The traveller put away the leaves carefully after the rest of the party had looked at them. “Do you remember that root we found together near Cuzco—the root which the mountain and forest Indians used in their sacred ceremonies to part soul from body?”
“Yes,” replied Borrin after a pause, “but I have put what roots I had away, and quite forgot about them until you spoke now.”
“What root is this?” inquired Mrs Venery severely.
“That of a certain plant known to the Indians who are the descendants of the Inca Indians,” said Minister quietly. “They pressed it and boiled it and extracted a kind of juice in which they steeped arrowheads and sharp flints. The arrow-heads they used in war to kill people, but the flints thus tainted were used during sacred ceremonies to scratch chosen people, who then were paralysed—”
“Paralysed,” cried Edwin startled, “and what had that to do with any sacred ceremony, doctor?”
“When paralysed,” explained Minister gravely, “the soul of the person went into the unseen world, and returned with information for the priests.”
“What rubbish,” muttered Edgar contemptuously.
“There was less rubbish and more wisdom in the knowledge of these elderly races than you think, young man,” retorted Minister bending his bushy brows. “Several times I saw the ceremony and witnessed the fact that the soul by this process could be separated from the body. Josiah saw that also. Do you remember, Josiah, how one of the Indians thus paralysed went to England to describe your parents’ home?”
“Well, yes,” admitted Borrin reluctantly, “but that might have been a kind of telepathy. However, I know that the juice of the root produces death when used largely and paralyses when administered in small quantities. But the leaves, Theo, what have they to do with what you are talking about?”

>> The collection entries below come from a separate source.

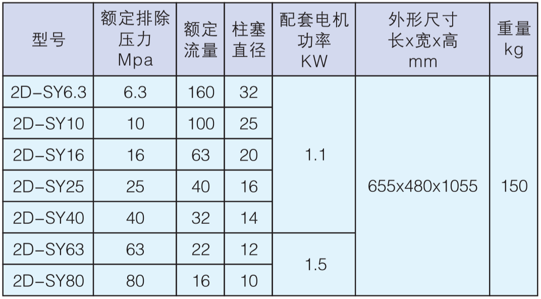 2D-SY50/100、2D-SY40/130型电动试压泵,传动部分采用卧式摆线针轮减速机,然后经主轴偏心滑块机构,驱使十字头在水平滑道内往复移动,带动柱塞在液缸内的往复运动,以排出高压液体。整个泵体部分置于水箱上方,固定在与水箱盖相齐的机座上,并对置安装,以便于拆装液缸部分易损件和其它维护工作,从而使整体结构紧凑,外观造型大方。
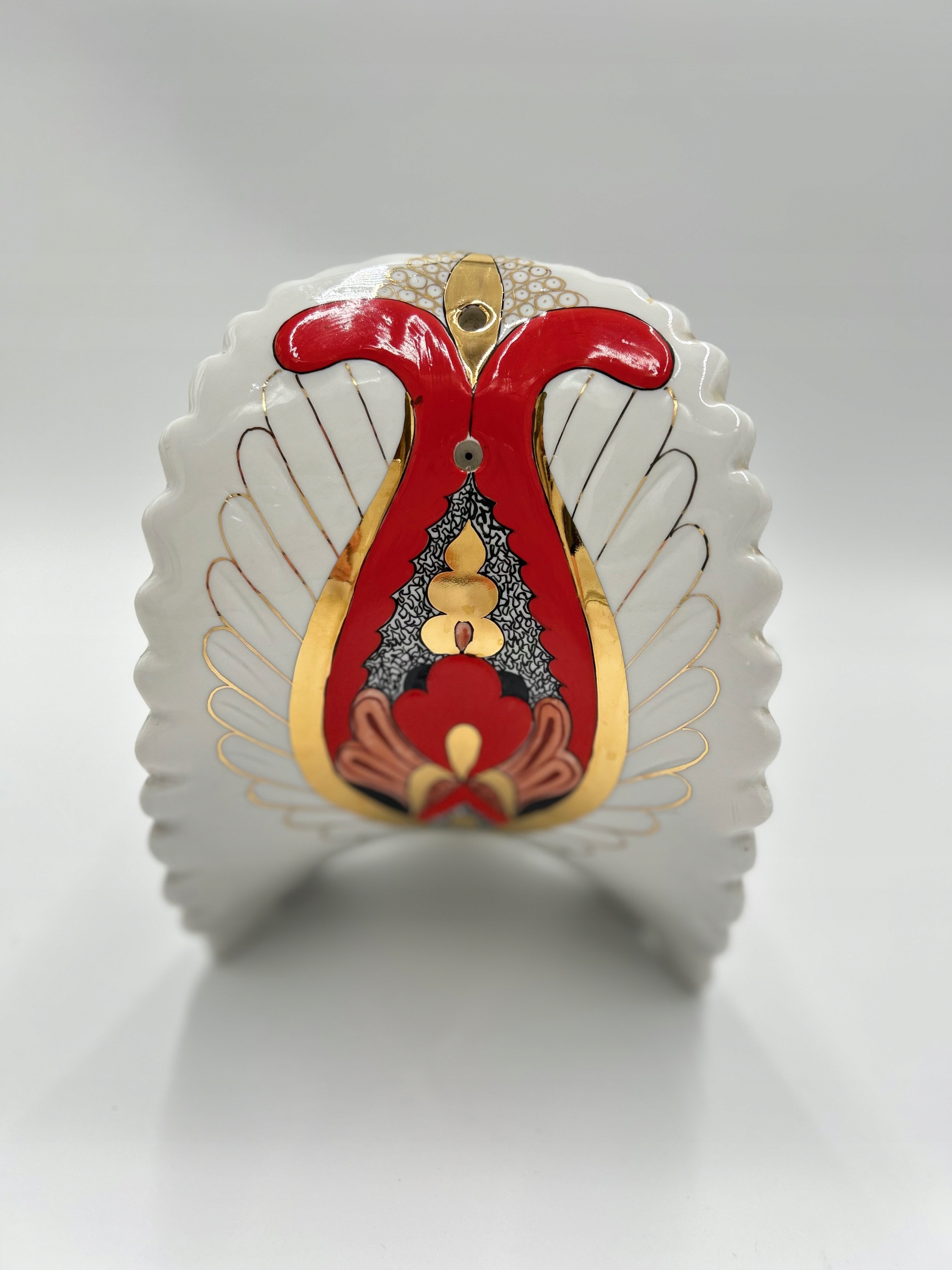 Изготовлен из высококачественного фарфора, расписан вручную. Красивое декоративное блюдо. Без пробки.
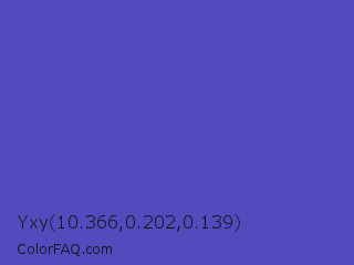 Yxy 10.366,0.202,0.139 Color is a normal indigo color and the nearest color is Ocean Blue #4f42b5. Hex code #524abd and RGB value is rgb(82,74,189). In RGB color space, this color is composed of 32% red, 29% green, 74% blue, In CMYK color space, this color is composed of 57% cyan, 61% magenta, 0% yellow , 26% black , In HSL color space, this color has a hue angle of 244° , 47% saturation and 52% lightness.
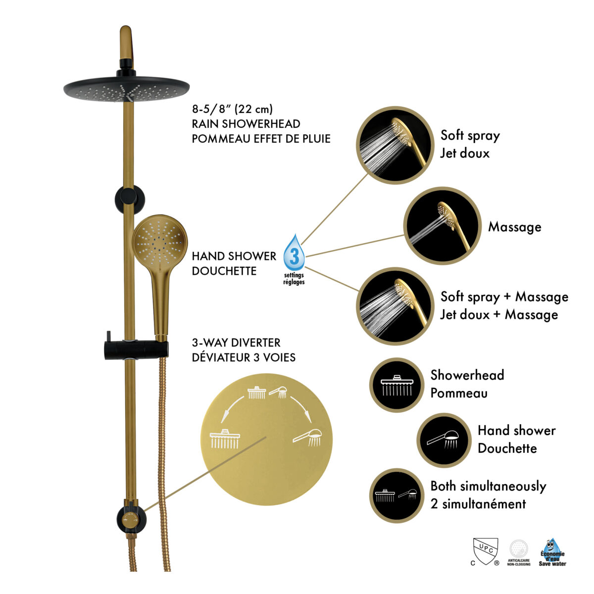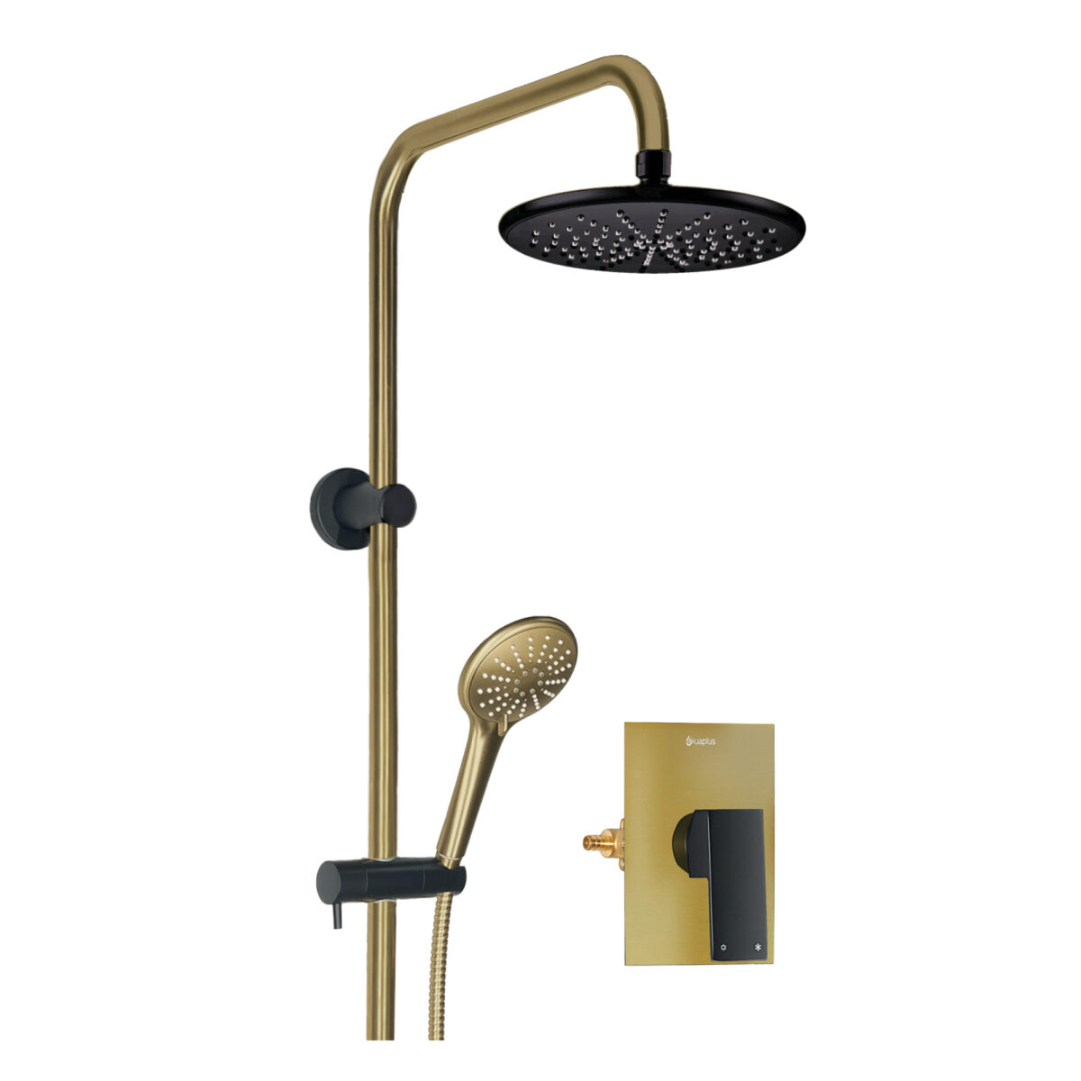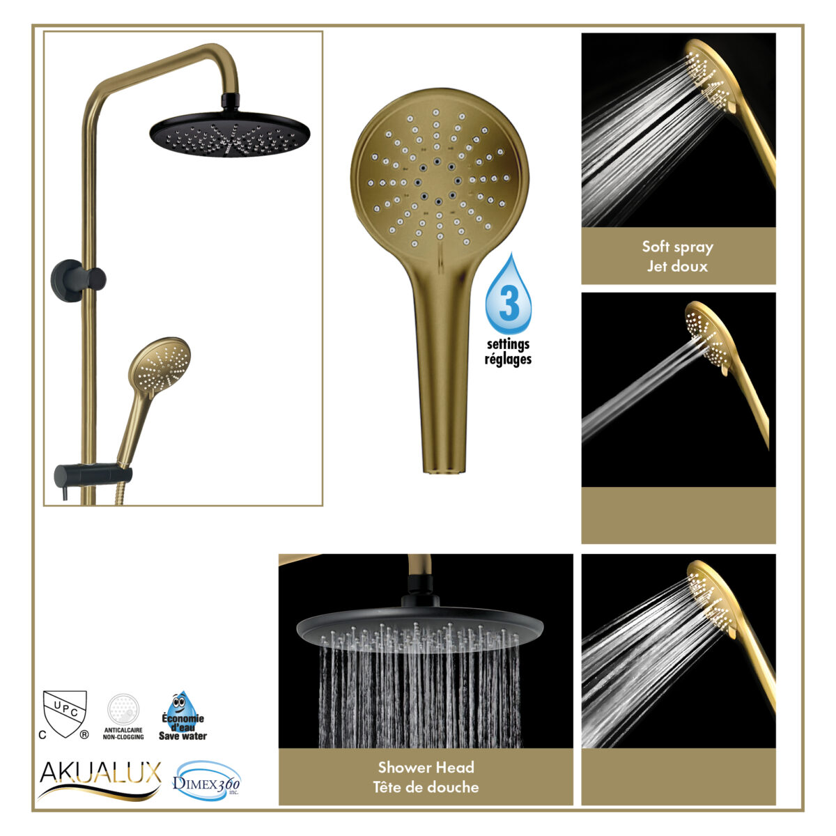 AKUALUX® 3-Way pressure balance Shower system with valve featuring an 8-5/8 inches (22 cm) swiveling rain Showerhead, and a 3-setting handheld Shower in a brushed champagne gold and matte black finish.
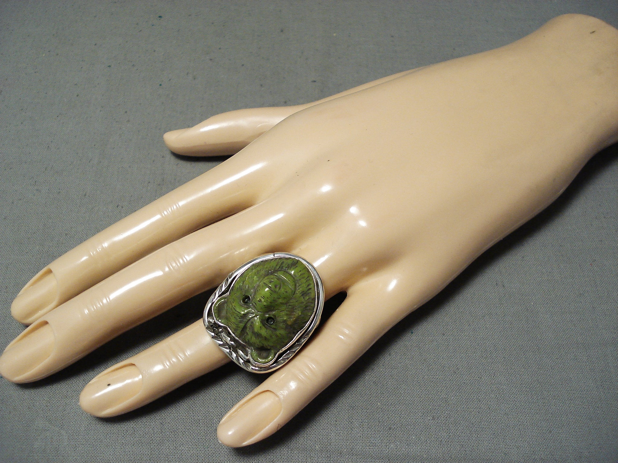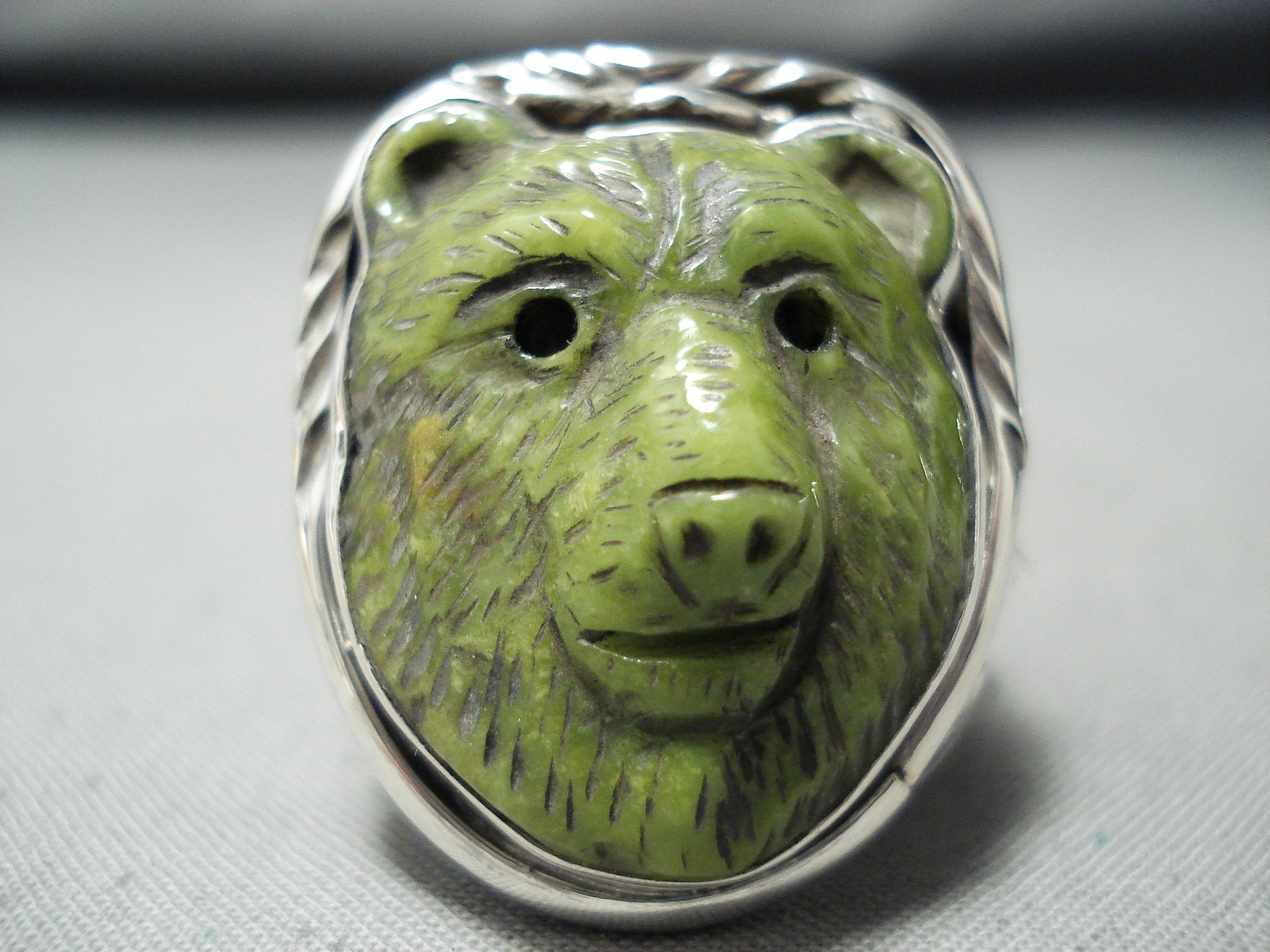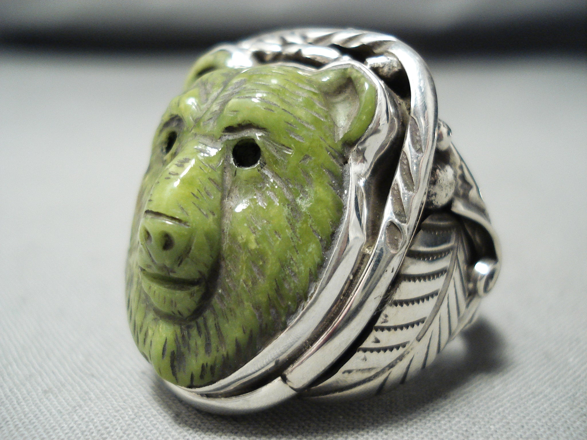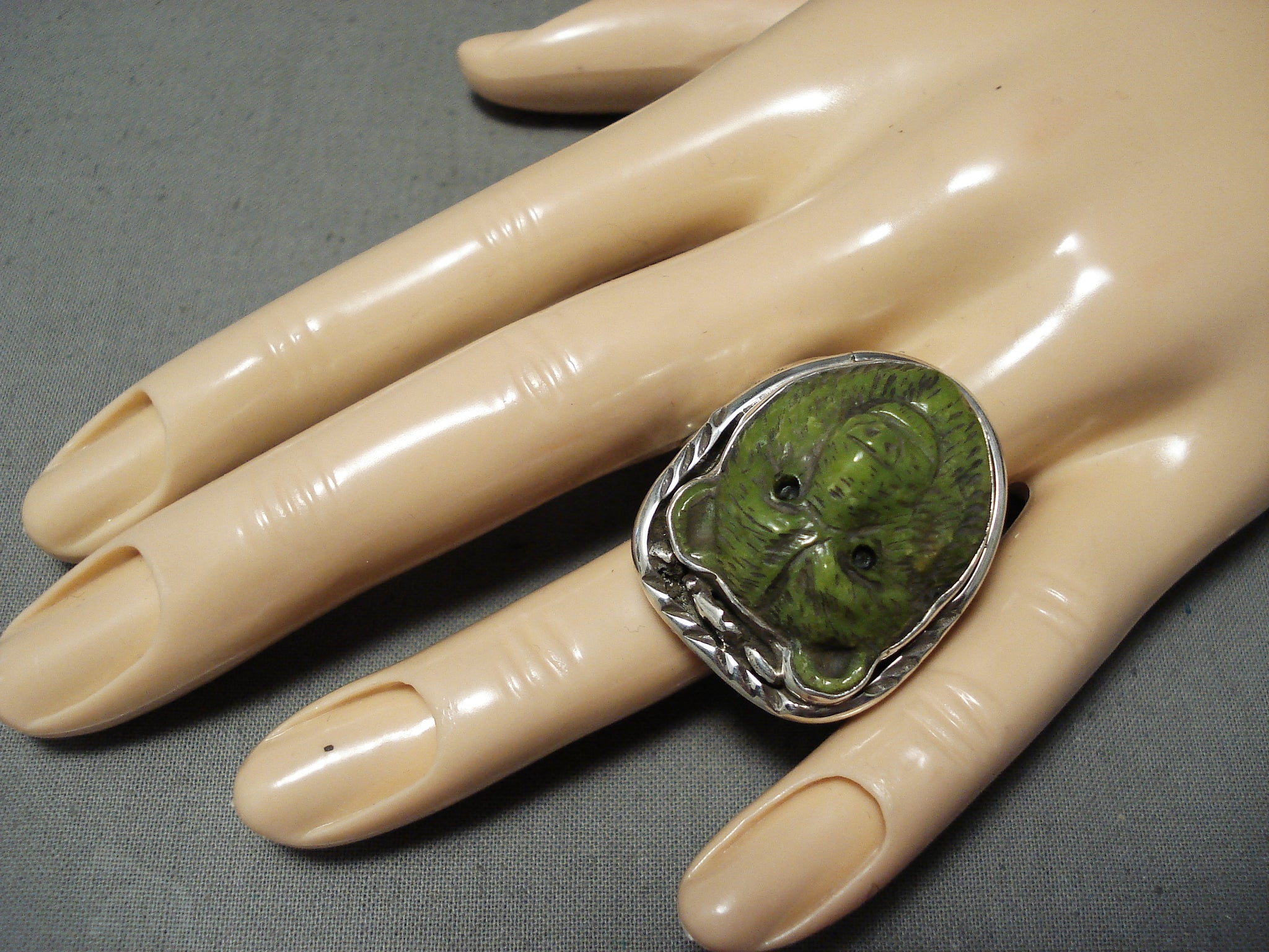 Native American Important Intricate Hand Carved Bear Jade Sterling Silver Ring
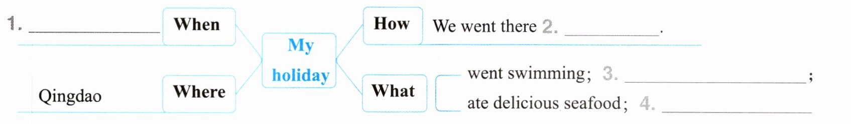 学校组织以“A Wonderful Trip”为题的征文比赛。请根据思维导图提示帮 Lanlan 写一篇文章介绍她难忘的暑假旅行经历及感受。(不少于 60 词)
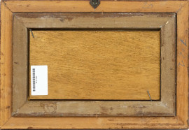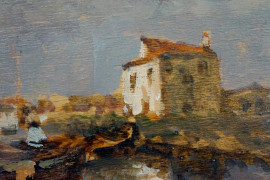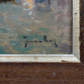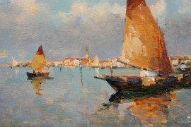 Laguna veneta con imbarcazioni, olio su compensato, cm 13,5x25, firmato, entro cornice.
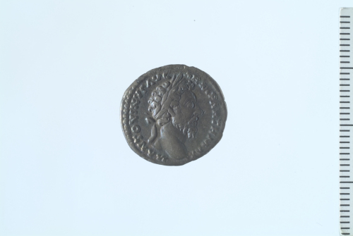 Testa laureata di Marco Aurelio a d.; contorno perlinato.
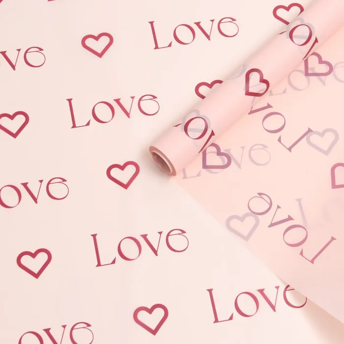 Пленка для цветов матовая, Love, 0.57×10 м, розовый — Характеристики
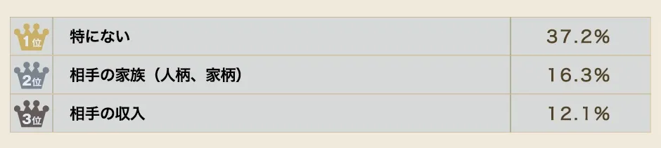 4位以下は、「特にない」(12.1%)、「その他」(6.1%)、「相手の収入」(5.3%)、「子供が欲しいタイミング」(2.8%)と続きました。
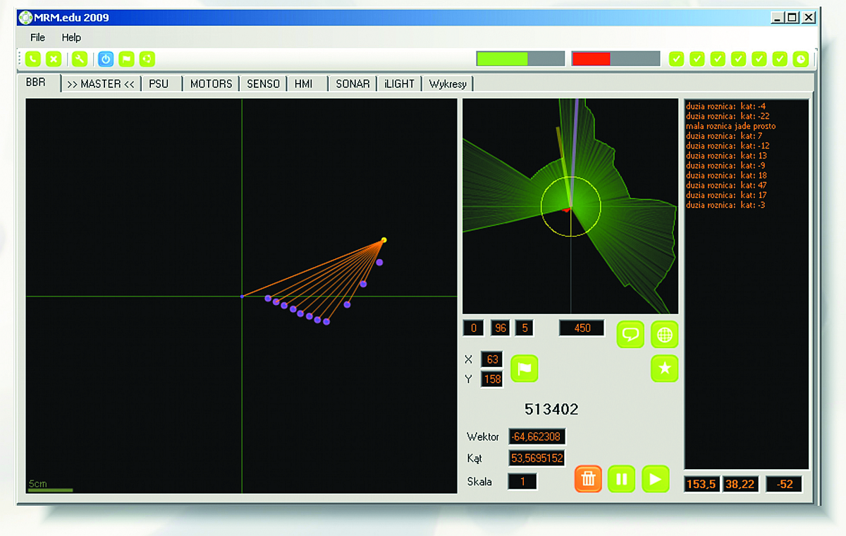 Pierwszym wykonanym rozszerzeniem funkcjonalnym platformy dydaktycznej MRM.edu był system nawigacji odruchowej. Takie nawigowanie zakłada, że nie jest określona żadna mapa otoczenia, a robot nie ma zaplanowanej trasy przejazdu do punktu docelowego. Aplikacja nawigacji określa w każdej chwili, na podstawie danych pomiarowych otoczenia, jaki będzie wykonany kolejny krok, prowadzący robota do określonego celu (rys. 4).

Minister shrugged his broad shoulders and smiled pityingly. “Your brains are growing mouldy in this place, Josiah. There was only one antidote to the poison of the root, and the Indian priests refused to reveal from what plant it could be taken. This is the plant—I mean these are the leaves of the plant—which when boiled and pressed in the same way as the root revive the person paralysed.”
“Not the person who is dead?” said Mrs Venery curiously.
“No. Only the paralysed person could be revived. So you, Josiah, have the root which paralyses, and I have the leaves which revive.”
“What is the use of either? “asked Borrin with a shrug.
Minister rose to take his leave. “One never knows. I only mentioned this to satisfy your curiosity, Josiah, as formerly you were so curious about the matter of the separation of soul from body.”
“Oh, I have forgotten all such unprofitable things,” smiled Borrin. “It is better to be charitable and helpful than to possess vain knowledge. Don’t go yet.”
“I must,” said Minister resolutely. “Mrs Heasy locks up at ten, and as I intend to stay at the Harper Inn I must keep in her good graces.”
Everyone laughed and approved, so Dr Minister departed very pleased with his successful visit.